I realised he meant different from the night of the party. ‘What, as in worse? Run ragged?’ I laughed. ‘I would agree with that.’

‘No, that’s not what I meant at all. I like both ways.’

‘Thank you.’ I didn’t know what else to say.

Now he left me, casting a quick glance up at the Laings’ house as he went. Though in reality the two families were probably friends, I liked to imagine that Arthur was praying he would not catch one of them coming or going, just as I did whenever I walked past.
     
    It was his wife, Sylvie Woodhall, who came to collect the plate the following Saturday. As I squatted a short distance from the cash desk, unpacking a delivery of ready-to-paint jewellery boxes, I could hear her announcing her name and describing the piece to Aislene. ‘I did send my husband in last weekend, but he’s obviously not to be trusted with such a task.’ And then she cried out, ‘That’s it there, on the bottom shelf, that big yellow one! I don’t see how he could possibly have missed it.’

‘Must need his eyes testing,’ a female voice replied, followed by a single sharp bark of laughter that set Sylvie off, and without being told I knew this wisecracker must be the scalp-hunting journalist Nina.

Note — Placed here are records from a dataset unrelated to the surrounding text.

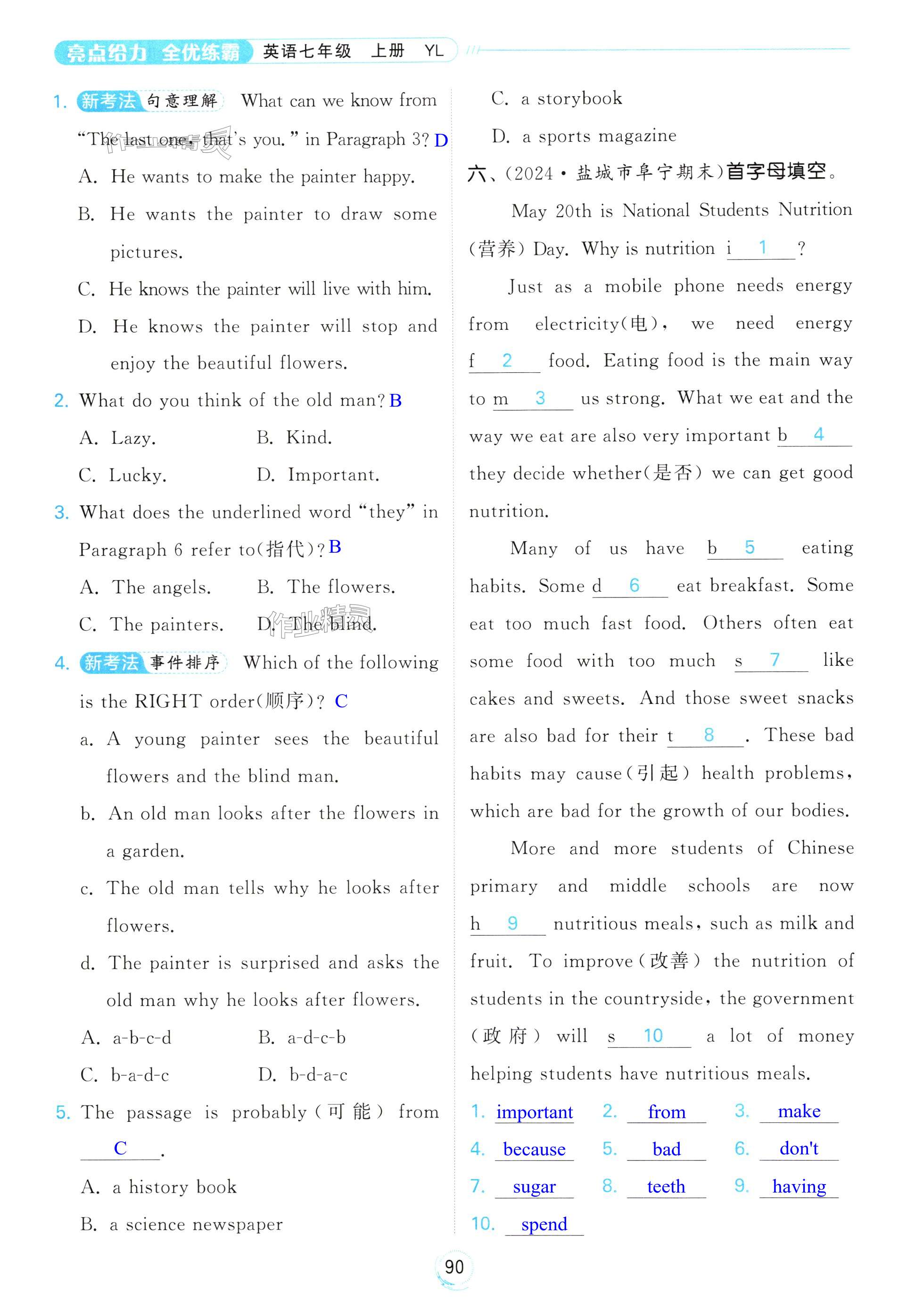 注:目前有些书本章节名称可能整理的还不是很完善,但都是按照顺序排列的,请同学们按照顺序仔细查找。练习册 2024年亮点给力全优练霸七年级英语上册译林版 答案主要是用来给同学们做完题方便对答案用的,请勿直接抄袭。
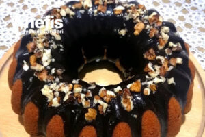 - Pişen kekimizi kalıptan çıkarıp çikolata sosunu döküyoruz.
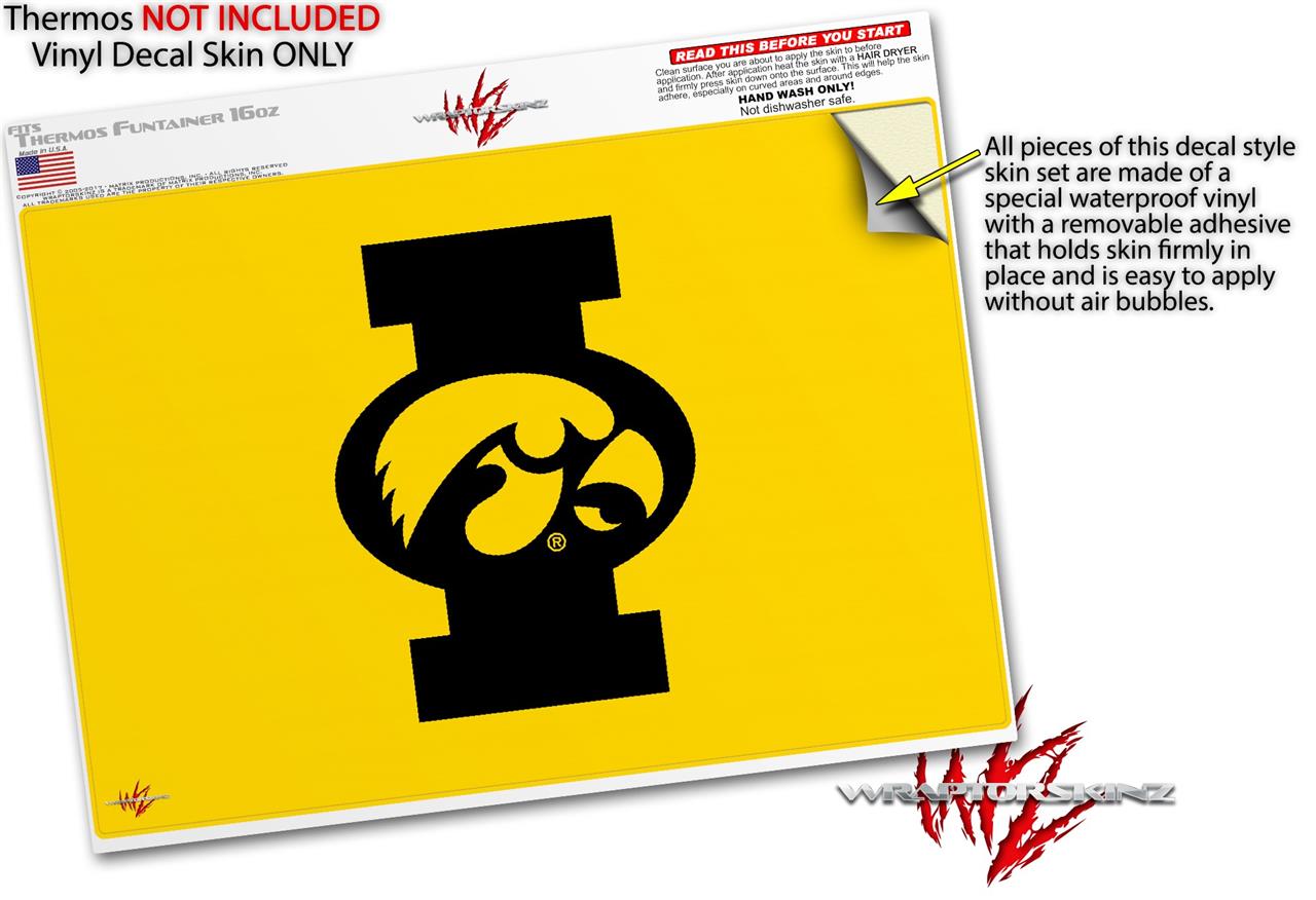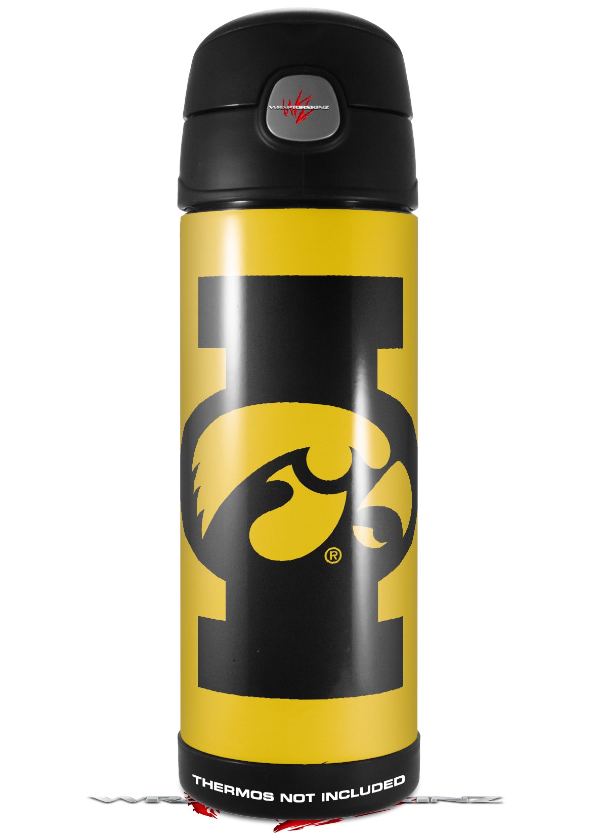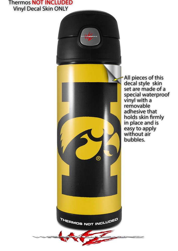 Skin Decal Wrap for Thermos Funtainer 16oz Bottle Iowa Hawkeyes Tigerhawk Oval 02 Black on Gold (BOTTLE NOT INCLUDED) by WraptorSkinz

I adjusted my position behind the raised lid of my cardboard box so I could study the two of them more discreetly. Both women were in their late forties or early fifties and very well dressed: expensive-looking woollen coats and wedge-heeled suede boots, cashmere scarves in understated shades twined casually about the neck and shoulders, handbags about a hundred times more costly than any in my possession. Arthur’s wife had a shower of natural-looking blond curls, angular features and a pink English complexion, Nina dark bobbed hair and the kind of polished-pearl skin that spoke of high-end facials. As they queued together at the till, the huge plate now held in Sylvie’s arms like the Wimbledon trophy, they chatted openly about personal matters, quite heedless of who might be in earshot. Admittedly, this was not unusual behaviour for customers and I’d long ago learned to zone out of the myriad soap operas going on around me; this time, though, I found myself listening closely. Finishing with the jewellery boxes, I started on a package of piggy-banks that were supposed to have waited till later, dallying over the job and hoping Charlotte would not come on to the shop floor from the office upstairs to notice my breach of protocol.

‘Anyway, if you ask me, you’re doing brilliantly,’ the Nina woman said in the strong, carrying tone of a public announcement. She exuded a sense of command you rarely encountered in real life, as if she could quite unselfconsciously bring the room to silence and start an impromptu rally for the cause of her choice. ‘It’s almost two years now, isn’t it? That’s pretty good for him.’

‘As far as I know, yes. Pathetic, really, to be congratulating him on it.’